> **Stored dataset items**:
____________

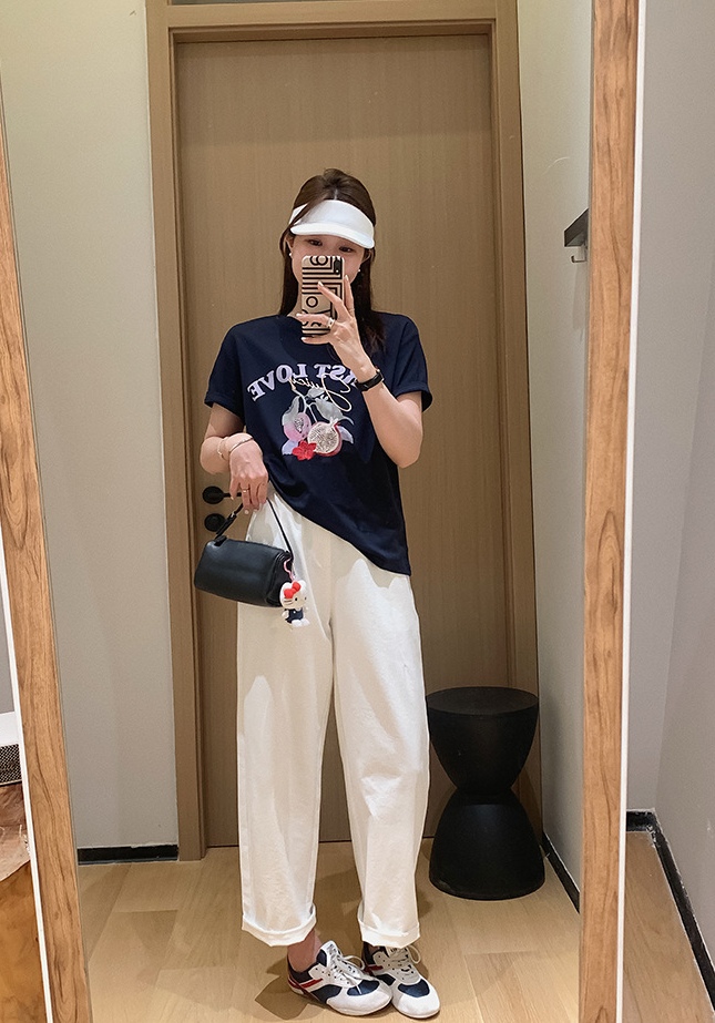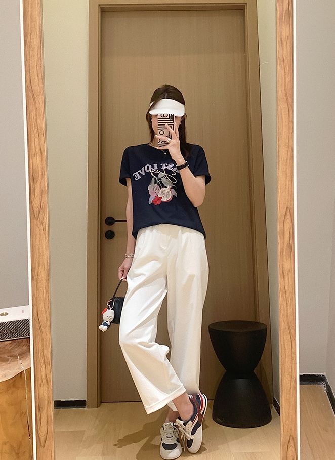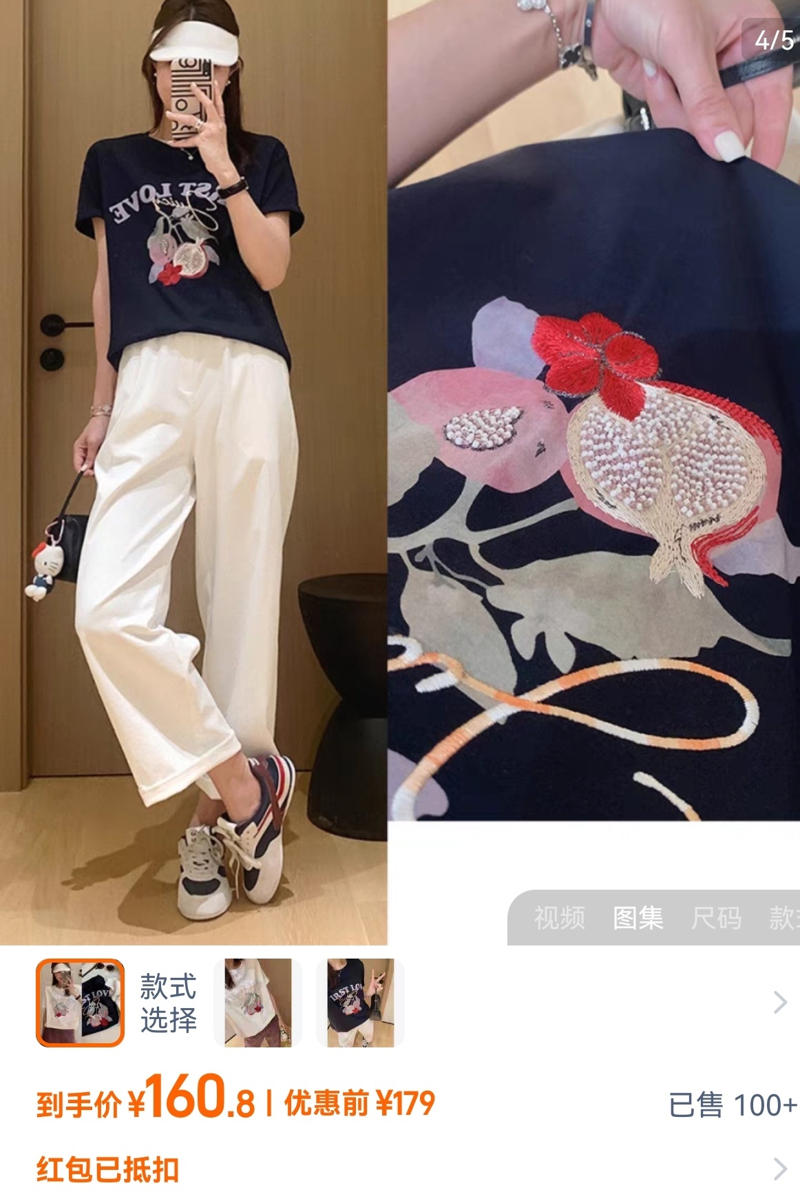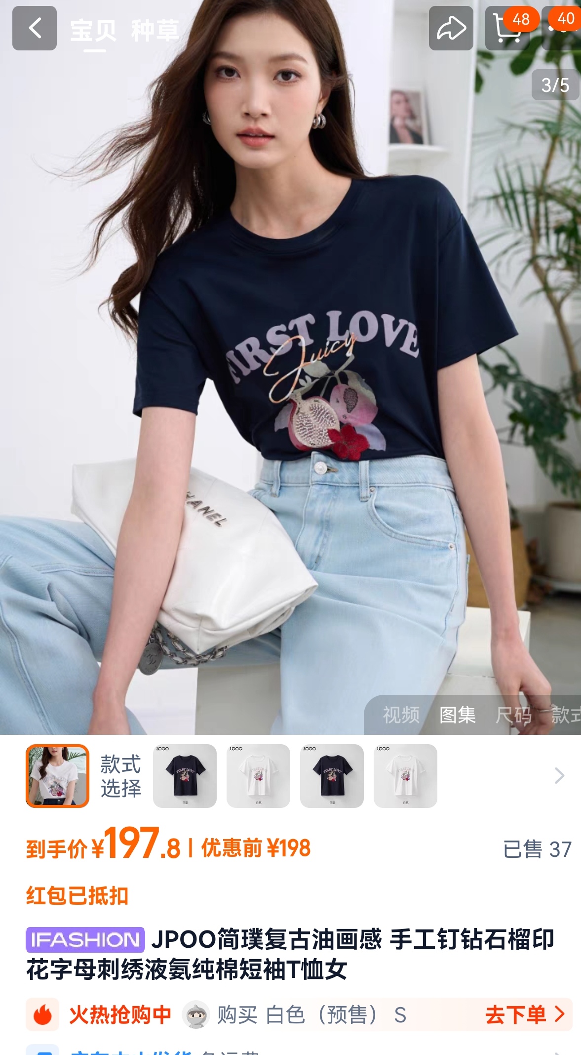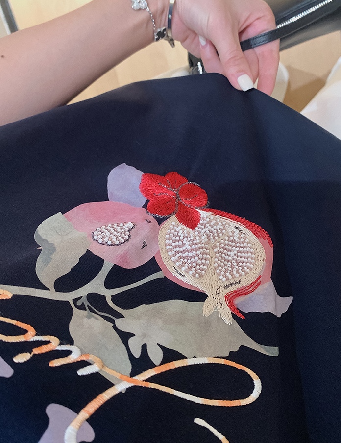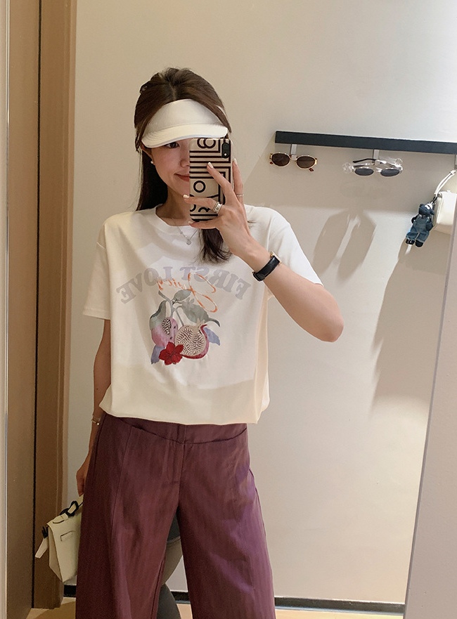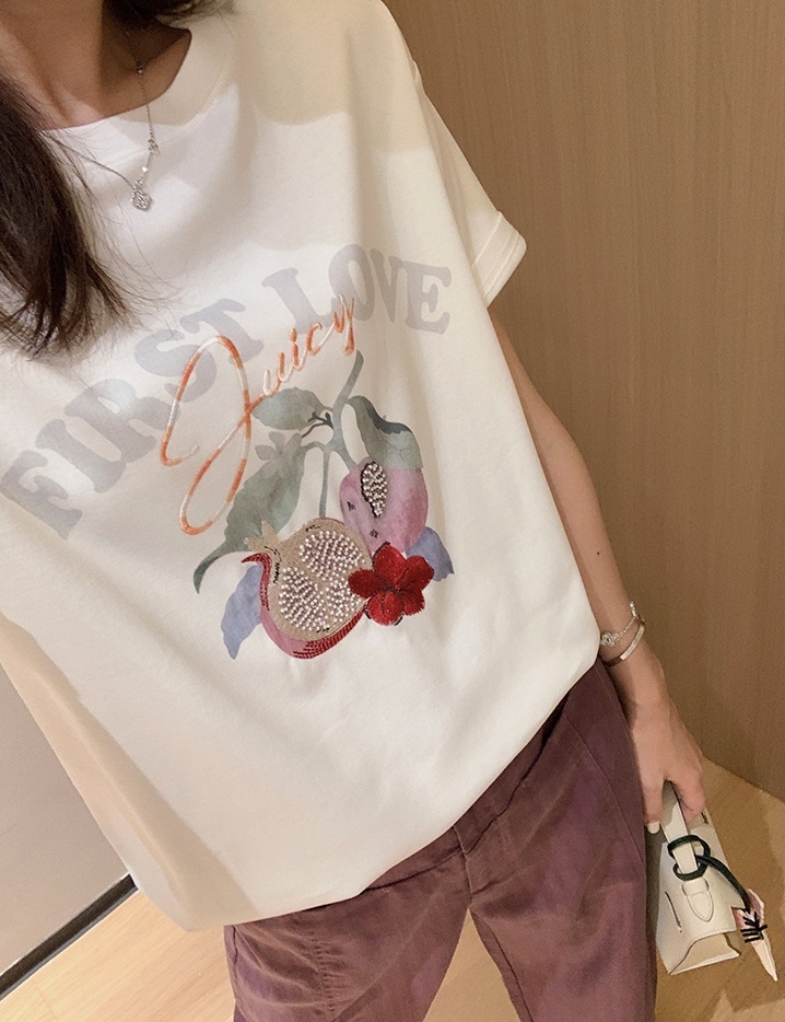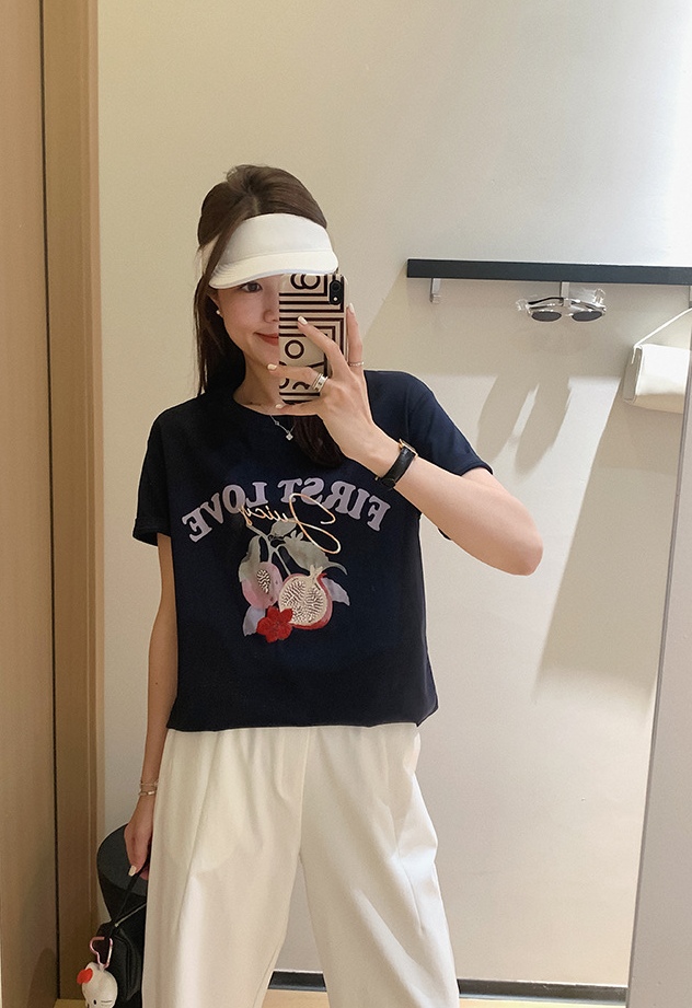 50支新疆长绒棉,黑科技液氨亲肤面料,吸汗透气。手感细腻爽滑,合体微松版型,对身型有一ding包容性,不挑人,字母、小石榴印花,线条刺绣+钉珠点缀
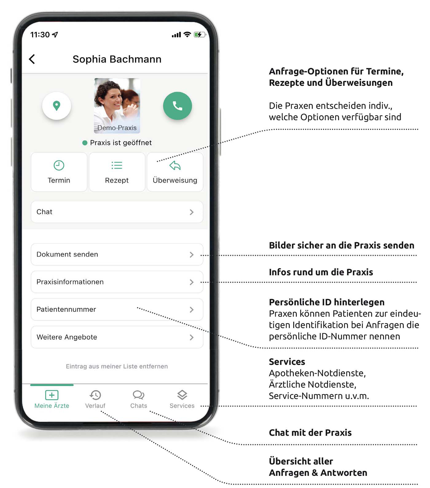 Die App zum Doc unterstützt hierbei in der täglichen Kommunikation zwischen PatientInnen und Arztpraxen.
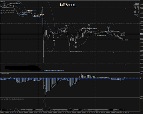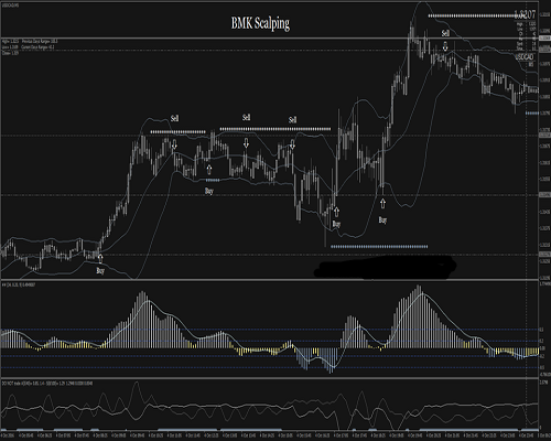 BMK Scalping adalah sistem trading tren-momentum berbasis MACD yang dimodifikasi dan Bollinger Bands, serta arah trading yang juga ditentukan oleh DT Zig Zag Laurer MTF.
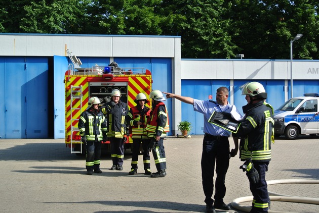 So sah das Szenario einer gemeinsamen Brandübung der Polizeiautobahnstation Gau-Bickelheim mit den Feuerwehren Gau-Bickelheim, Wallertheim und Wohnsheim aus, die unter aufmerksamer Beobachtung der Dienststellenleitung, der jeweiligen Wehrleitungen und Verbandsbürgermeister Rocker stattfand. Nachdem zunächst mit einer Nebelmaschine als Brandsimulation das Gebäude verraucht wurde, verließen nach der Meldung "es brennt" alle Beamten im Wachbereich auf Anweisung des Wachhabenden geordnet die Wache. Die Beamten im Obergeschoss allerdings, ein Polizist im Untergeschoß und eine Person in der polizeilichen Gewahrsamszelle konnten aufgrund der Rauchentwicklung den Treppenbereich nicht mehr nutzen. Durch die inzwischen alarmierten Feuerwehren, die nach wenigen Minuten eingetroffen waren, wurden die Beamten aus dem ersten Stock über eine Leiter durch ein Notausstiegsfenster gerettet. Die Person im Untergeschoß konnte ebenfalls durch einen Notausstieg das Gebäude verlassen. Als "Gast" in der Zelle wurde eine Übungspuppe eingesetzt. Sie wurde wegen angenommener Ohnmacht mit einer Trage aus dem Gebäude verbracht. Da der Dienstbetrieb natürlich auch in einer solchen Situation weitergehen musste, wurde im Hof der Dienststelle unter Nutzung eines Mehrzweckfahrzeuges eine provisorische Wache eingerichtet. So blieb die Dienststelle mit Unterstützung der übergeordneten Leitstelle weiter einsatzbereit. Nach der Evakuierung aller bekannten Personen aus dem Gebäude und der parallel simulierten Brandlöschung überprüfen die Kräfte der Feuerwehren mit Atemschutzgeräten alle Räume nach weiteren Menschen und stellten sicher, dass sich niemand mehr im Gebäude befindet. So konnte kurz vor den Mittagsstunden das Gebäude mittels entsprechenden Ventilatoren das Gebäude belüftet und das Übungsende verkündet werden.
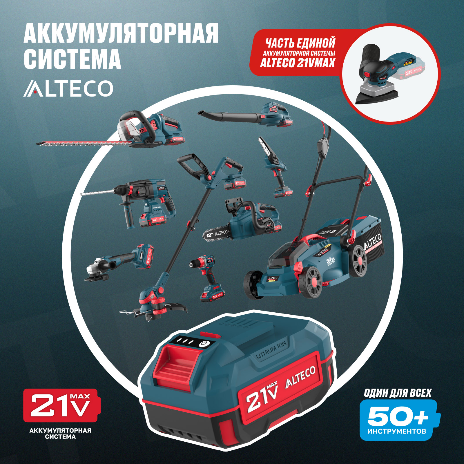 - Часть единой аккумуляторной системы ALTECO 21Vmax — один аккумулятор подходит для всех инструментов этой серии, обеспечивая удобство, экономию и гибкость в работе.

____________

> **TASK**: Could you transcribe all of the data exactly and omit the pictures?

> **THE ANSWER**:
 50支新疆长绒棉,黑科技液氨亲肤面料,吸汗透气。手感细腻爽滑,合体微松版型,对身型有一ding包容性,不挑人,字母、小石榴印花,线条刺绣+钉珠点缀
 Die App zum Doc unterstützt hierbei in der täglichen Kommunikation zwischen PatientInnen und Arztpraxen.
 BMK Scalping adalah sistem trading tren-momentum berbasis MACD yang dimodifikasi dan Bollinger Bands, serta arah trading yang juga ditentukan oleh DT Zig Zag Laurer MTF.
 So sah das Szenario einer gemeinsamen Brandübung der Polizeiautobahnstation Gau-Bickelheim mit den Feuerwehren Gau-Bickelheim, Wallertheim und Wohnsheim aus, die unter aufmerksamer Beobachtung der Dienststellenleitung, der jeweiligen Wehrleitungen und Verbandsbürgermeister Rocker stattfand. Nachdem zunächst mit einer Nebelmaschine als Brandsimulation das Gebäude verraucht wurde, verließen nach der Meldung "es brennt" alle Beamten im Wachbereich auf Anweisung des Wachhabenden geordnet die Wache. Die Beamten im Obergeschoss allerdings, ein Polizist im Untergeschoß und eine Person in der polizeilichen Gewahrsamszelle konnten aufgrund der Rauchentwicklung den Treppenbereich nicht mehr nutzen. Durch die inzwischen alarmierten Feuerwehren, die nach wenigen Minuten eingetroffen waren, wurden die Beamten aus dem ersten Stock über eine Leiter durch ein Notausstiegsfenster gerettet. Die Person im Untergeschoß konnte ebenfalls durch einen Notausstieg das Gebäude verlassen. Als "Gast" in der Zelle wurde eine Übungspuppe eingesetzt. Sie wurde wegen angenommener Ohnmacht mit einer Trage aus dem Gebäude verbracht. Da der Dienstbetrieb natürlich auch in einer solchen Situation weitergehen musste, wurde im Hof der Dienststelle unter Nutzung eines Mehrzweckfahrzeuges eine provisorische Wache eingerichtet. So blieb die Dienststelle mit Unterstützung der übergeordneten Leitstelle weiter einsatzbereit. Nach der Evakuierung aller bekannten Personen aus dem Gebäude und der parallel simulierten Brandlöschung überprüfen die Kräfte der Feuerwehren mit Atemschutzgeräten alle Räume nach weiteren Menschen und stellten sicher, dass sich niemand mehr im Gebäude befindet. So konnte kurz vor den Mittagsstunden das Gebäude mittels entsprechenden Ventilatoren das Gebäude belüftet und das Übungsende verkündet werden.
 - Часть единой аккумуляторной системы ALTECO 21Vmax — один аккумулятор подходит для всех инструментов этой серии, обеспечивая удобство, экономию и гибкость в работе.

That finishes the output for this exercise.